The EU has limited the amount of lead in drinking water to 100µ/dm3. Although the drinking water contains safe levels of lead when it leaves the reservoirs, it is passed through old lead pipes before it reaches many homes. There are 10 million homes in
Great Britain which still have lead water pipes. If the water which is flowing through these pipes is soft water, (soft water is slightly acidic), some of the lead in the pipes dissolves in the water. Too much lead in the body causes high blood pressure and heart disease. Lead also affects the brain.
Fact File No. 84
Many people prefer to drink bottled water. There are some bottled waters, however, which have a greater concentration of certain chemicals, such as nitrates, than the EU allows in drinking water. Also, when drinking water and bottled water were both tested for the presence of bacteria, the, bottled water was found to contain far more bacteria than the sample of tap water.
PROBLEMS AND CONCERNS CAUSED BY HUMAN INFLUENCES ON THE ENVIRONMENT
Raw sewage and industrial waste in the New River as it passes from Mexicali to Calexico, California
by CNRC (Calexico New River Committee (CNRC)) via Wikimedia Commons
Industries produce waste products which find their way into river water. One of the most serious pollutants of river water is hot water. Hot water increases the temperature of river water when the two are mixed. The result of this mixing is warm water which does not contain as much dissolved oxygen as cold water. This means, that many organisms are unable to survive in the warm water because they cannot respire efficiently.
Faecal sludge that has been manually removed from pits is dumped into the local river at the Korogocho slum in Nairobi, Kenya.

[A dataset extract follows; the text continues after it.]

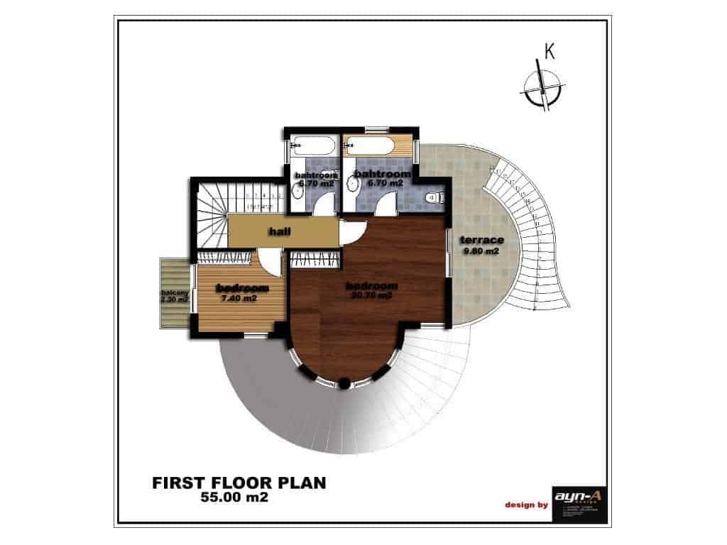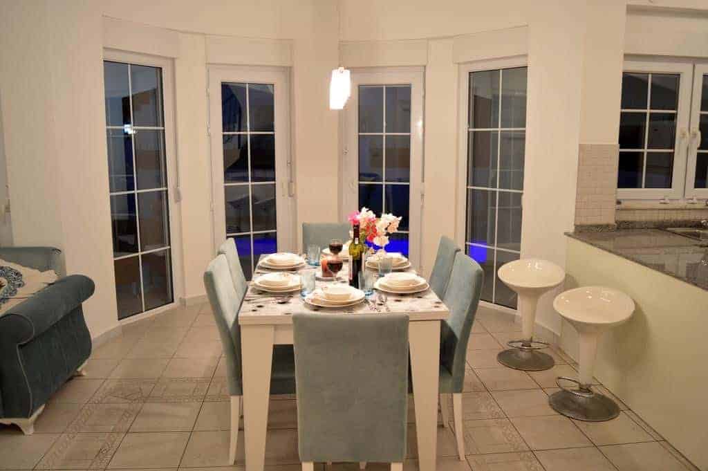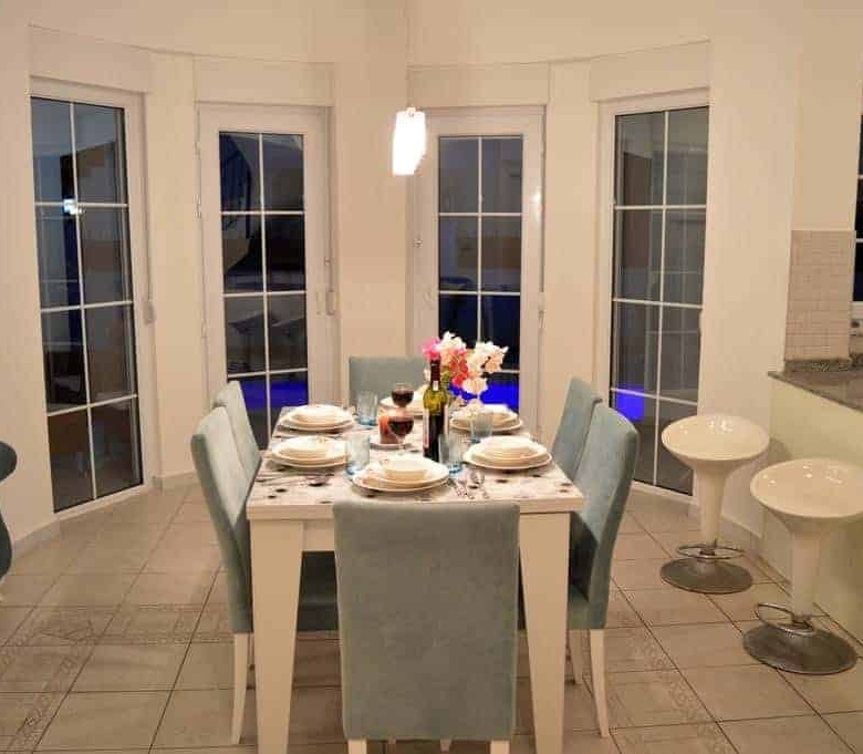 The ground floor consists of a living room with an open plan kitchen and a guest toilet. There are two bedrooms on the first floor, a master room with a private bathroom and a jacuzzi, a children's room with an attached bathroom. There are 3 balconies with stunning views of a lush garden and swimming pool as well as wonderful golf courses within the Belek area. All rooms have air conditioners, all bathrooms are equipped with first class units, there is a full range of kitchen furniture plus white goods. The floors on the floors are ceramic and PVC windows

by Doreen Mbalo, via Wikimedia Commons
Chemical wastes from industry and agriculture also find their way into rivers. At one time, even sewage was pumped directly into rivers. Sewage is the name given to human waste, both faeces and urine. All of these pollutants destroy much of the plant and animal life in rivers. The rivers which are most affected by pollution are those which flow through big cities, such as the Seine, the Rhine and the Thames.
Point source pollution from a Shipyard, Rio de Janeiro
by Alex Rio Brazil via Wikimedia Commons
Fortunately, because many people protested about polluted river water and polluted beaches, governments and local councils have started to make an effort to clean up the rivers. Industries are no longer allowed to put all of their waste products into river water. Sewage is treated in special "sewage farms" to make it harmless before it joins the river. There is still much to do, but on many stretches of once polluted rivers we can see fishermen, a sure sign that life has returned to the river waters.